Like so many women, I’ve had some body image problems at various ages.
But it hit me hard when I first started dating several years ago, at about age 60.
I had been divorced for about 5 years and had a few casual dates here and there over that time, but nothing serious.
That is, I hadn’t yet made a commitment to seriously date.
It had been thirty-some years since I’d been on a date. My body naturally didn’t look like it did when I was young.
In my late 50’s, I was in good shape but things had begun to droop and sag, like it does for most of us.
Various body image concerns kept me from seriously taking the plunge into dating, such as:
- Would men still be attracted to me?
- Would they want someone younger looking (if not actually younger in age)?
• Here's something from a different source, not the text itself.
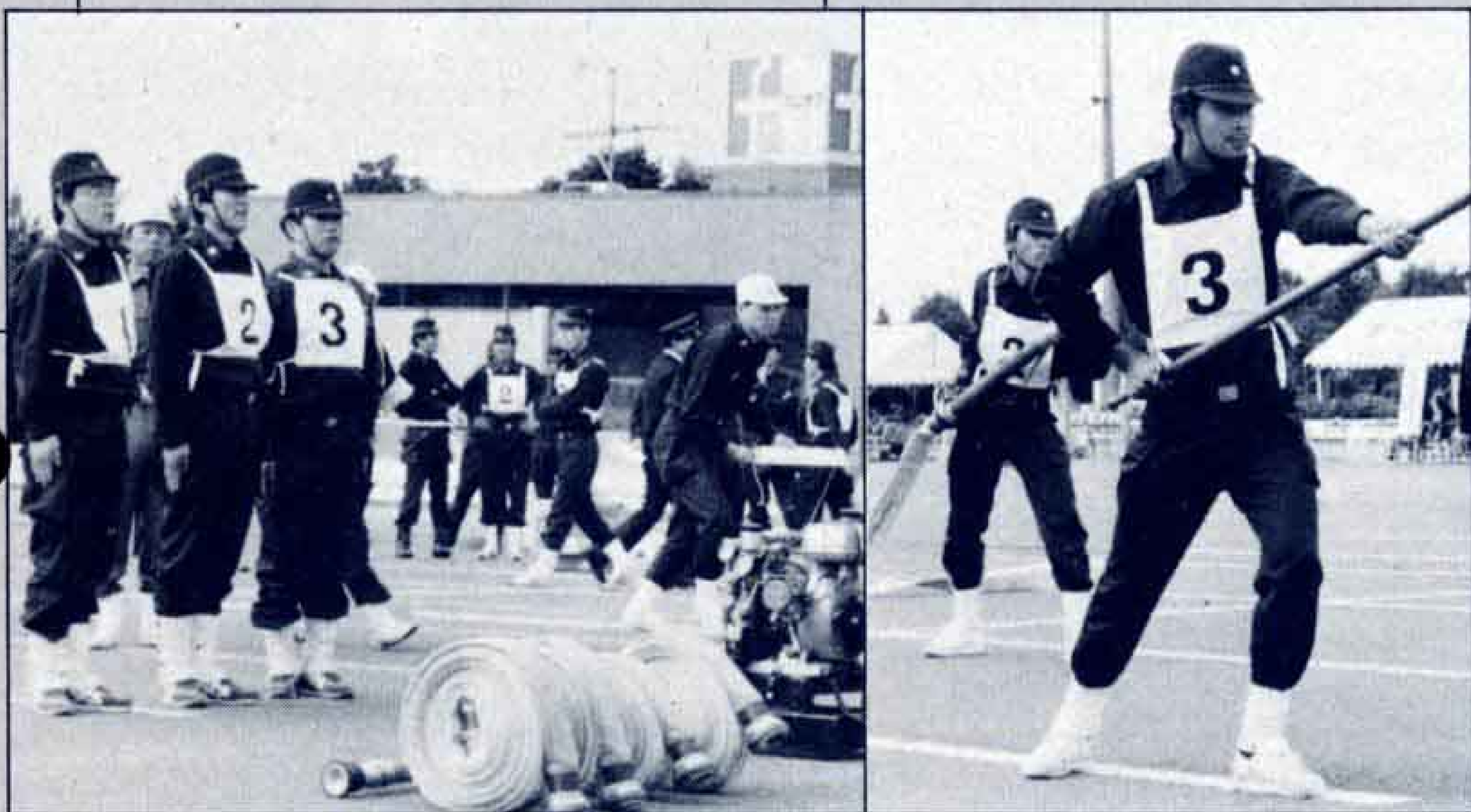
△本番さながらに日ごろの訓練の成果を披露

十月二十日、公設卸売市場駐車場で「富士市消防団訓練礼式・消防操法訓練大会」が開かれました。この大会は、消防操法の技術向上と各分団の交流を図ることを目的としたものです。各部門の優勝チームは訓練礼式が第二方面隊、小型ポンプ操法が第十四分団、ポンプ車操法が第七分団でした。

- And the big one: Would I feel comfortable being naked with a man?
I clearly suffered from body image issues, even though I was healthy and in relatively good shape.
I was worried that I wouldn’t measure up physically.
The funny thing is, it became clear once I started dating that men of my age were in much worse condition than I was.
The more dates I had, the more I realized I was worrying for no reason, so I put it aside.
The Elements of Body Image

If you’re a woman over, say 50, and dating again or thinking about it, do you see yourself in the following elements of body image?
Body dissatisfaction: a general unhappiness with your body or its parts.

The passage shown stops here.